WORK TO COMPLETE: Transcribe each record precisely; images stay out.

[Items from a dataset]
# # # #

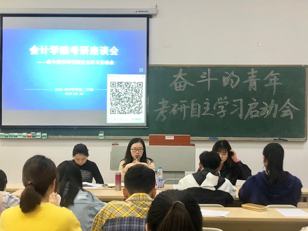 为营造学院浓厚而积极的考研氛围,加强对低年级志向考研学生的支持,2019年3月20日,会计学院在教学楼1402教室举行了考研座谈会暨“奋斗的青年”考研自主学习启动会。会计学院党总支副书记姚转花、专职辅导员唐凤芬老师、2016级学生代表黄秋月同学、2017级和2018级有考研意向的学生代表参加了本次座谈会。
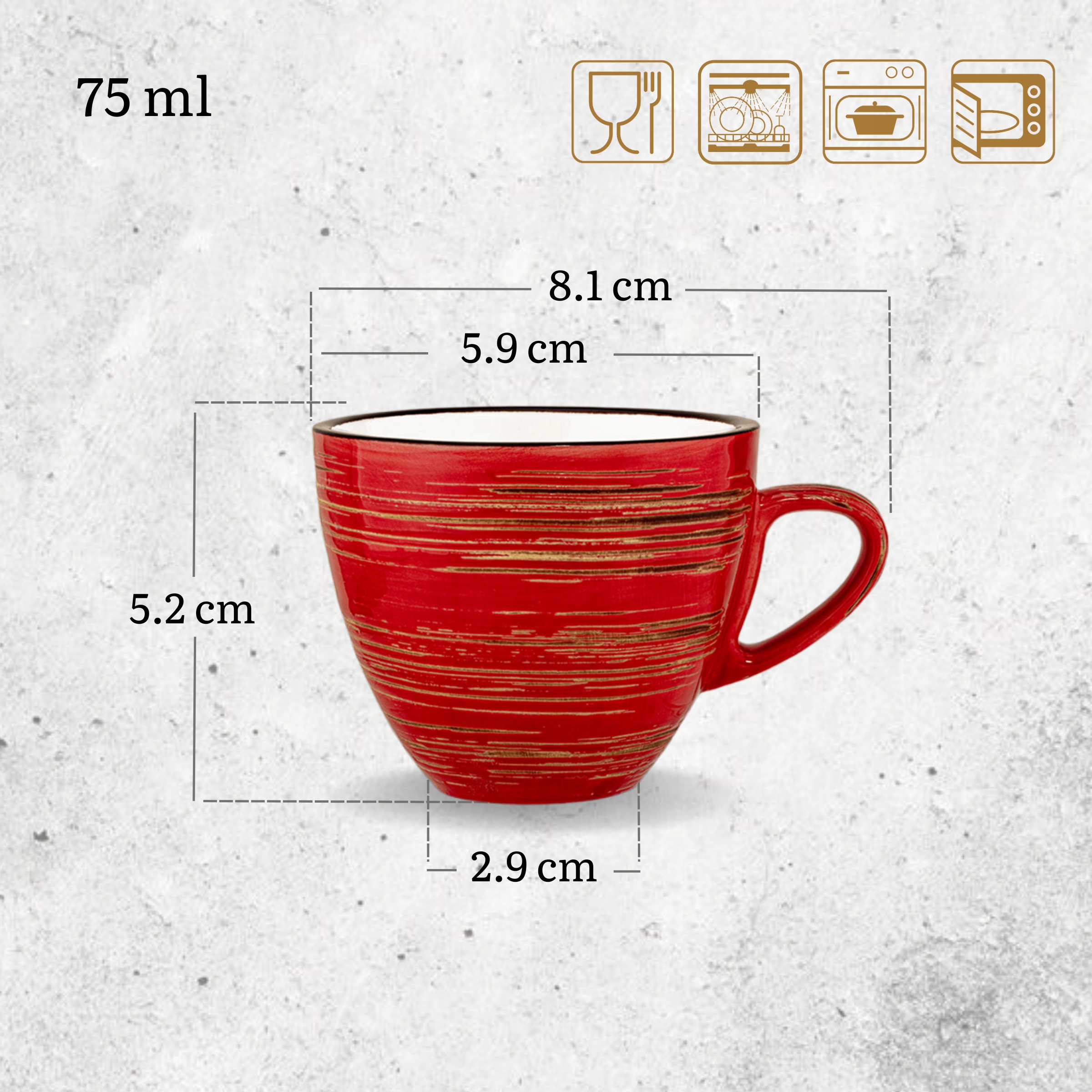 Espresso Cup 75 мл фарфоровой красный набор Wilmax из 6 штук
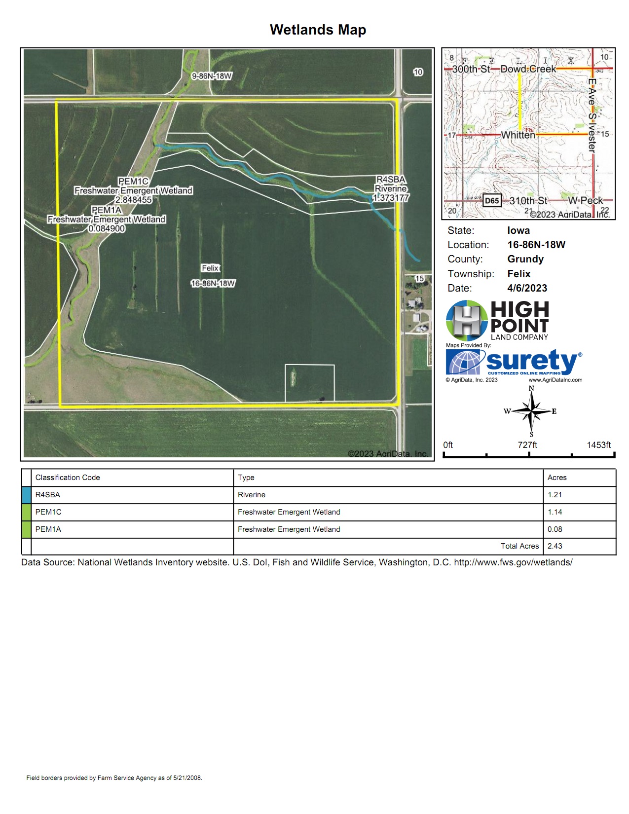 Located in Section 16 of Felix Township, just Northwest of Conrad, IA sits 180+/- gross acres of beautiful Grundy County farm. This farm is made up of 147.10+/- acres of FSA certified cropland, which boasts in average CSR2 of 83.1 across the tillable acres. The cropland consists of primarily of the highly sought after soils of both Dinsdale Silty Clay Loam and Tara Silty Clay Loam.
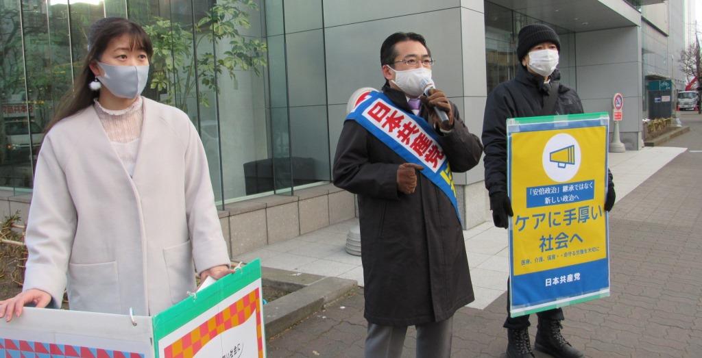 道農民連から参加したのは副委員長の岸本さん、書記長の富沢さん。「政府も食料自給率向上を掲げながら、農産物輸入を見直さないのはおかしい。農家が安心して農業に励めるようにしてほしい」(岸本さん)、「コロナ対策と称した次期作支援金は条件変更がされたため、現場は混乱している」(富沢さん)など、道農政事務所にてまっすぐ訴えました。私からも「切実な要求を受け止めるべき」と迫りました。
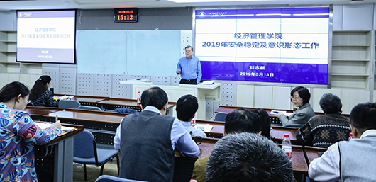 会上,刘志新书记传达部署意识形态及安全稳定工作。他强调学院要坚持以习近平新时代中国特色社会主义思想为指导,全面贯彻落实党的十九大和十九届二中、三中全会精神,深入学习贯彻全国教育大会精神,落实意识形态责任制,做好安全稳定排查和管理工作。
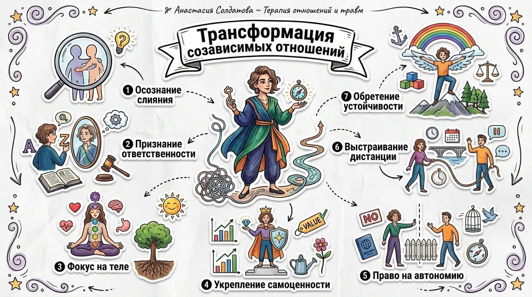 Происходит понимание, что невозможно контролировать чужие эмоции ради собственного спокойствия. В терапии мы работаем над возвращением контроля над сво
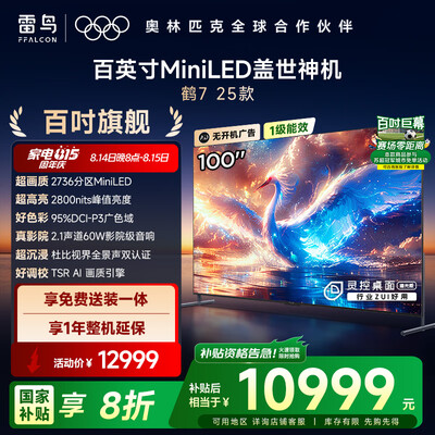 FFALCON雷鸟电视 100鹤7 25款 100英寸 MiniLED 高阶VA 国家补贴98/100英寸电视机100R685C MAX目前活动价:12999元!
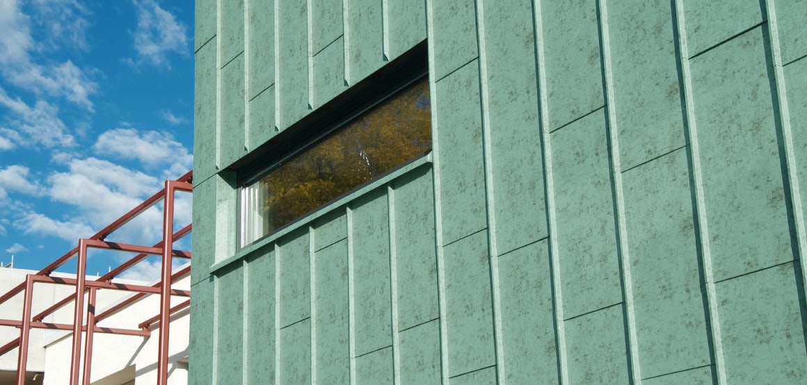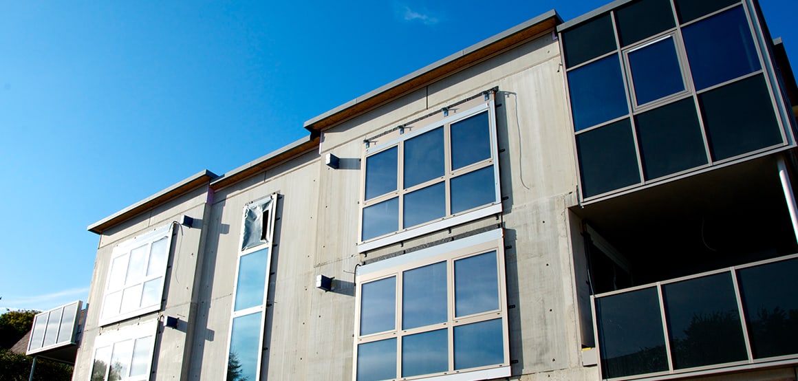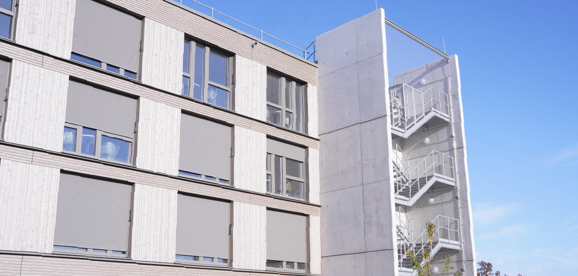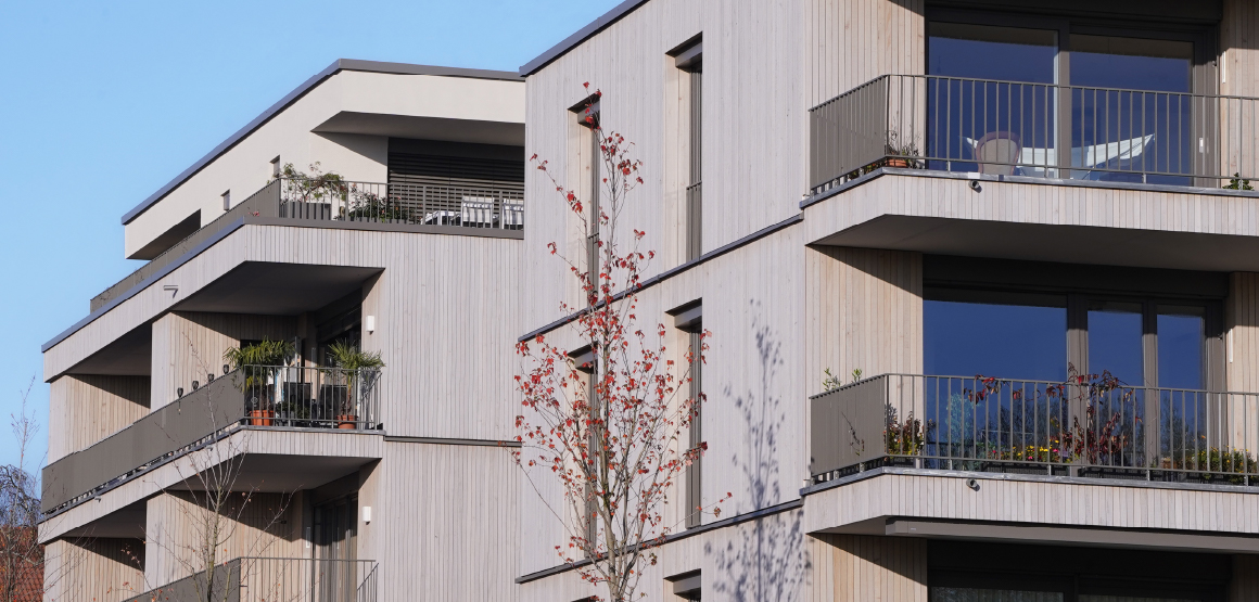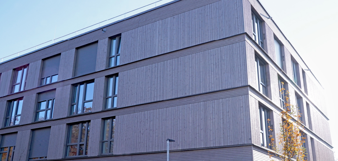 Hybridbauweise mit einem Stahlbetonkern und hybriden Holzfassadenelementen.
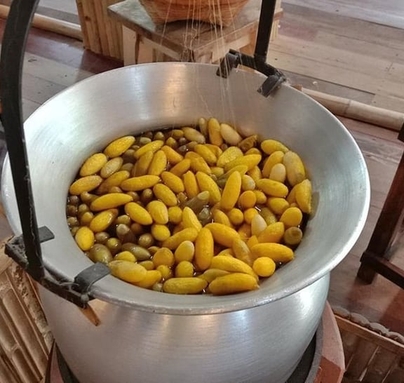 A place where you will learn about the complete textile production experience. Learning Thaisilk natural Tie-Dyed, Silk Thread Spinning, Silk Cross Weaving. Take back your own product for a great souvenir. The natural Tie-Dyed is a Thai local wisdom which inherit from one generation to the next. Experiment the color from surrouned nature. Silk Thread Spinning from the first step to the end. D.I.Y. Silk Cross Weaving is the basic of all fabric weaving process. Creat your own design color and let's start making your imagination through. This weaving process will be around 4-5 hours. You can take home a great souvenir did by yourself. Option. If you prefer to do Eco Print, you have to pay for equipment and take home @ 2,500 B. Tie Dyed, you have to pay for equipment and take home @ 650 B.
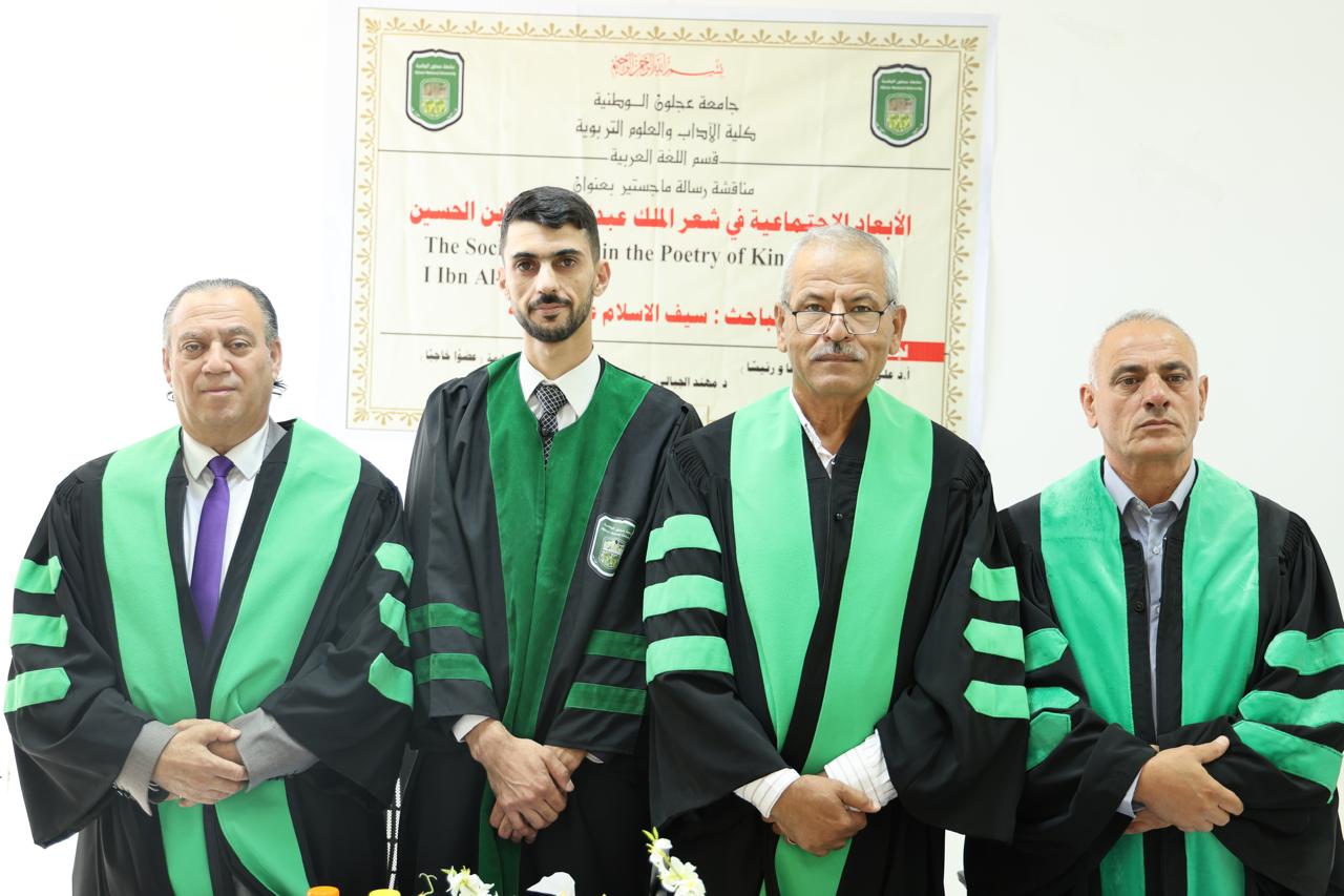 كما نوقشت في كلية الاداب قسم اللغة العربية رسالتي ماجستير بعنوان الاولى “ الأبعاد الاجتماعية في شعر الملك عبدالله ابن الحسين”، للطالب سيف الاسلام ربابعة وبإشراف رئيسي للاستاذ الدكتور علي الخرابشة، والدكتور مهند الجبالي مناقشاً داخلياً، والدكتور أحمد الهزايمة مناقشاً خارجياً من جامعة الاسراء.
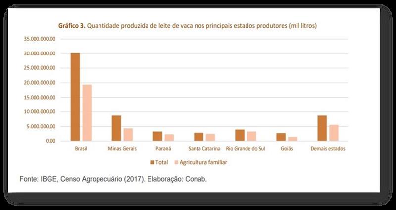 Según la Encuesta Municipal de Ganadería 2020, realizada por el Instituto Brasileño de Geografía y Estadística - IBGE, Brasil produjo 35,4 mil millones de litros de leche, siendo Minas Gerais el principal estado productor, responsable del 27% de toda la producción nacional. Según el Censo Agropecuario (IBGE, 2017), la agricultura familiar fue responsable del 57% de toda la producción de leche en el país, que, en ese año, fue de 30,1 mil millones de litros.
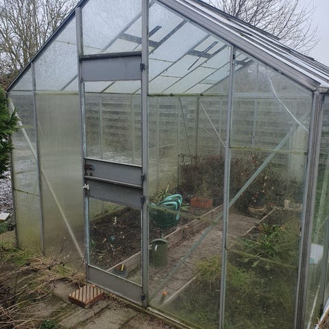 Drivhus i glas og metal, velegnet til dyrkning af planter og grøntsager. Konstruktionen består af glaspaneler i metalramme, som sikrer lysindfald og beskyttelse mod vind og vejr. Passer til havebrug og hobbygartneri.
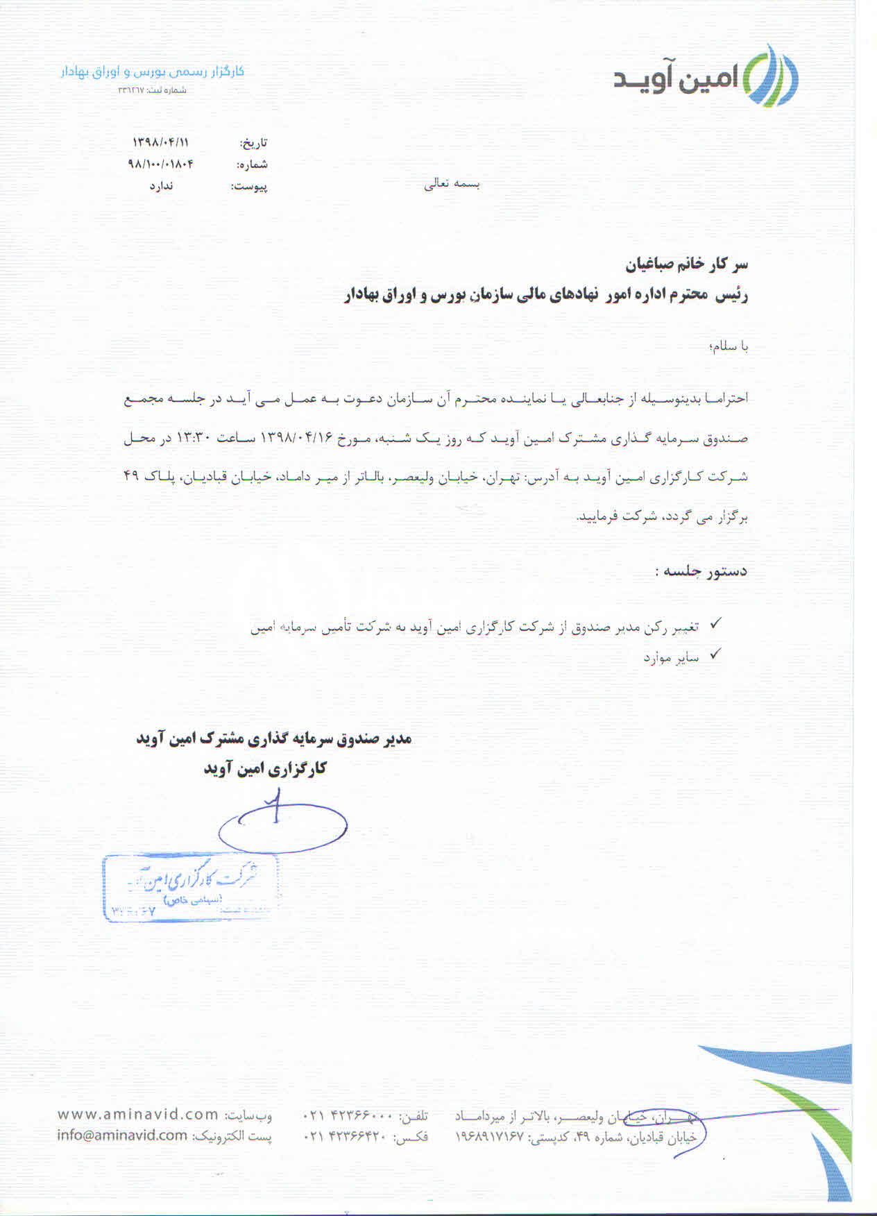 برگزاری مجمع صندوق مشترک امین آوید در تاریخ ۷ تیر۱۳۹۹ ساعت ۱۴:۰۰
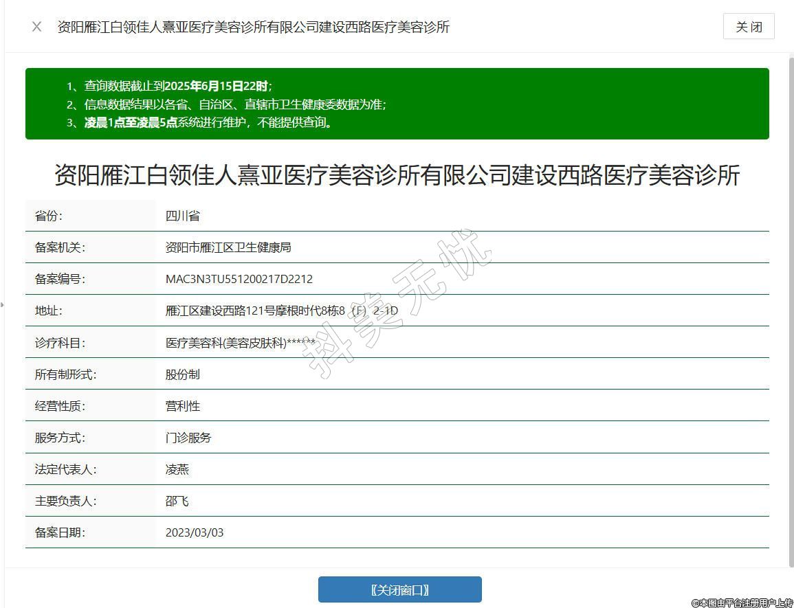 資陽雁江白領(lǐng)佳人熹亞醫(yī)療美容診所有限公司建設(shè)西路醫(yī)療美容診所
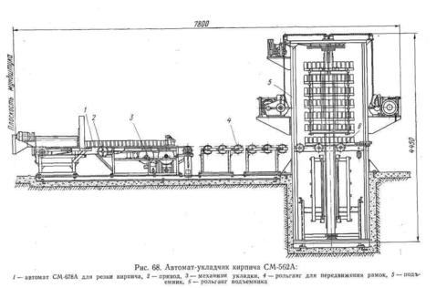 Автомат-укладчик кирпича СМ-562А (рис. 68) на вагонетки туннельных сушилок СМ-41 состоит из механизма укладки 3 кирпича, магазина для рамок, рольганга 4 для передвижения рамок с кирпичом, подъемника 5 с рольгангом 6, тележки, электрооборудования, толкателя и привода.

# # # #

RESPONSE TO THIS TASK:
 为营造学院浓厚而积极的考研氛围,加强对低年级志向考研学生的支持,2019年3月20日,会计学院在教学楼1402教室举行了考研座谈会暨“奋斗的青年”考研自主学习启动会。会计学院党总支副书记姚转花、专职辅导员唐凤芬老师、2016级学生代表黄秋月同学、2017级和2018级有考研意向的学生代表参加了本次座谈会。
 Espresso Cup 75 мл фарфоровой красный набор Wilmax из 6 штук
 Located in Section 16 of Felix Township, just Northwest of Conrad, IA sits 180+/- gross acres of beautiful Grundy County farm. This farm is made up of 147.10+/- acres of FSA certified cropland, which boasts in average CSR2 of 83.1 across the tillable acres. The cropland consists of primarily of the highly sought after soils of both Dinsdale Silty Clay Loam and Tara Silty Clay Loam.
 道農民連から参加したのは副委員長の岸本さん、書記長の富沢さん。「政府も食料自給率向上を掲げながら、農産物輸入を見直さないのはおかしい。農家が安心して農業に励めるようにしてほしい」(岸本さん)、「コロナ対策と称した次期作支援金は条件変更がされたため、現場は混乱している」(富沢さん)など、道農政事務所にてまっすぐ訴えました。私からも「切実な要求を受け止めるべき」と迫りました。
 会上,刘志新书记传达部署意识形态及安全稳定工作。他强调学院要坚持以习近平新时代中国特色社会主义思想为指导,全面贯彻落实党的十九大和十九届二中、三中全会精神,深入学习贯彻全国教育大会精神,落实意识形态责任制,做好安全稳定排查和管理工作。
 Происходит понимание, что невозможно контролировать чужие эмоции ради собственного спокойствия. В терапии мы работаем над возвращением контроля над сво
 FFALCON雷鸟电视 100鹤7 25款 100英寸 MiniLED 高阶VA 国家补贴98/100英寸电视机100R685C MAX目前活动价:12999元!
 Hybridbauweise mit einem Stahlbetonkern und hybriden Holzfassadenelementen.
 A place where you will learn about the complete textile production experience. Learning Thaisilk natural Tie-Dyed, Silk Thread Spinning, Silk Cross Weaving. Take back your own product for a great souvenir. The natural Tie-Dyed is a Thai local wisdom which inherit from one generation to the next. Experiment the color from surrouned nature. Silk Thread Spinning from the first step to the end. D.I.Y. Silk Cross Weaving is the basic of all fabric weaving process. Creat your own design color and let's start making your imagination through. This weaving process will be around 4-5 hours. You can take home a great souvenir did by yourself. Option. If you prefer to do Eco Print, you have to pay for equipment and take home @ 2,500 B. Tie Dyed, you have to pay for equipment and take home @ 650 B.
 كما نوقشت في كلية الاداب قسم اللغة العربية رسالتي ماجستير بعنوان الاولى “ الأبعاد الاجتماعية في شعر الملك عبدالله ابن الحسين”، للطالب سيف الاسلام ربابعة وبإشراف رئيسي للاستاذ الدكتور علي الخرابشة، والدكتور مهند الجبالي مناقشاً داخلياً، والدكتور أحمد الهزايمة مناقشاً خارجياً من جامعة الاسراء.
 Según la Encuesta Municipal de Ganadería 2020, realizada por el Instituto Brasileño de Geografía y Estadística - IBGE, Brasil produjo 35,4 mil millones de litros de leche, siendo Minas Gerais el principal estado productor, responsable del 27% de toda la producción nacional. Según el Censo Agropecuario (IBGE, 2017), la agricultura familiar fue responsable del 57% de toda la producción de leche en el país, que, en ese año, fue de 30,1 mil millones de litros.
 Drivhus i glas og metal, velegnet til dyrkning af planter og grøntsager. Konstruktionen består af glaspaneler i metalramme, som sikrer lysindfald og beskyttelse mod vind og vejr. Passer til havebrug og hobbygartneri.
 برگزاری مجمع صندوق مشترک امین آوید در تاریخ ۷ تیر۱۳۹۹ ساعت ۱۴:۰۰
 資陽雁江白領(lǐng)佳人熹亞醫(yī)療美容診所有限公司建設(shè)西路醫(yī)療美容診所
 Автомат-укладчик кирпича СМ-562А (рис. 68) на вагонетки туннельных сушилок СМ-41 состоит из механизма укладки 3 кирпича, магазина для рамок, рольганга 4 для передвижения рамок с кирпичом, подъемника 5 с рольгангом 6, тележки, электрооборудования, толкателя и привода.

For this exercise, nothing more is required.